The weird is that the cleaning works because If I just copy the contents of the dataframe I loaded into a list:
thelist = [['1', '573436.862', '3887259.269'],
['2', '573436.031', '3887248.472'],
['3', '573456.81', '3887265.85'],
['4', '573453.26', '3887273.017'],
['5', '573450.98', '3887275.878'],
['6', '573451.611', '3887276.346'],
['7', '573446.959', '3887285.738'],
['8', 'H5m7er3o4m45h.n1i6a7 print: 19/02/202', '4 15:24 3887284.597'],
['9', '573440.184', '3887292.487'],
['10', '573436.862', '3887259.269'],
['1', '573703.6758759461', '3887233.5301764384'],
['2', '573703.7165950707', '3887233.6523487056'],
['3', '573703.769', '3887233.809'],
['4', '573707.305', '3887241.398'],
['5', '573712.9489897437', '3887251.2139821625'],
['6', '57mro3m71hn2ia.949print: 19/02/2024', '15:22 3887251.2139999997'],
['7', '573712.981495283', '3887251.2813396226'],
['8', '573713H.0m3e2romhnia print: 19/0', '2/2024 15:24 3887251.386'],
['9', '573713.096', '3887251.567'],
['10', '573713.0960000466', '3887251.5670001707'],
['11', '573713.266443923', '3887252.1920684506'],
['12', '573725.815', '3887254.127'],
['13', '573733.267', '3887255.275'],
['14', '573736.197', '3887240.846'],
['15', '573742.399', '3887229.682'],
['16', '573701.647', '3887220.061'],
['17', '573703.6758759461', '3887233.5301764384']]
and apply the cleaning:
arr = np.hstack(thelist)
arr = arr.reshape(arr.shape[0] // 3, 3)
new_df = pd.DataFrame(arr, columns=['K', 'X', 'Y'])

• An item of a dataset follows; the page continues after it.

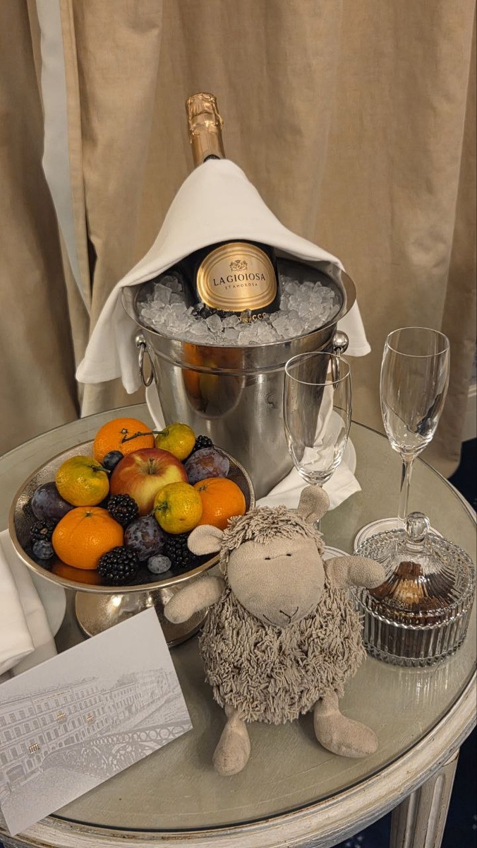 На столике у китайского торшера ждал еще один сюрприз – презент от отеля. Итальянское игристое, фрукты-ягоды, шоколадные конфеты ручной работы и открытка с пожеланиями приятного отдыха. Милота!!! Как мы любим ❤️❤️❤️ #мойка22

out = new_df[['X', 'Y']].apply(lambda s: s.str.extract(r'([a-z\d]+\.[a-z\d]+)',
expand=False, flags=re.I)
.str.replace(r'[^\d.]+', '', regex=True))
I receive the correct results!
X Y
0 573436.862 3887259.269
1 573436.031 3887248.472
2 573456.81 3887265.85
3 573453.26 3887273.017
4 573450.98 3887275.878
5 573451.611 3887276.346
6 573446.959 3887285.738
7 573445.167 3887284.597
8 573440.184 3887292.487
9 573436.862 3887259.269
10 573703.6758759461 3887233.5301764384
11 573703.7165950707 3887233.6523487056
12 573703.769 3887233.809
13 573707.305 3887241.398
....
That's normal if you see different outputs between the two approaches because you're simply not using the same inputs. In the example below, we can see that some rows in the csv (unlike the list) don't contain a dot (.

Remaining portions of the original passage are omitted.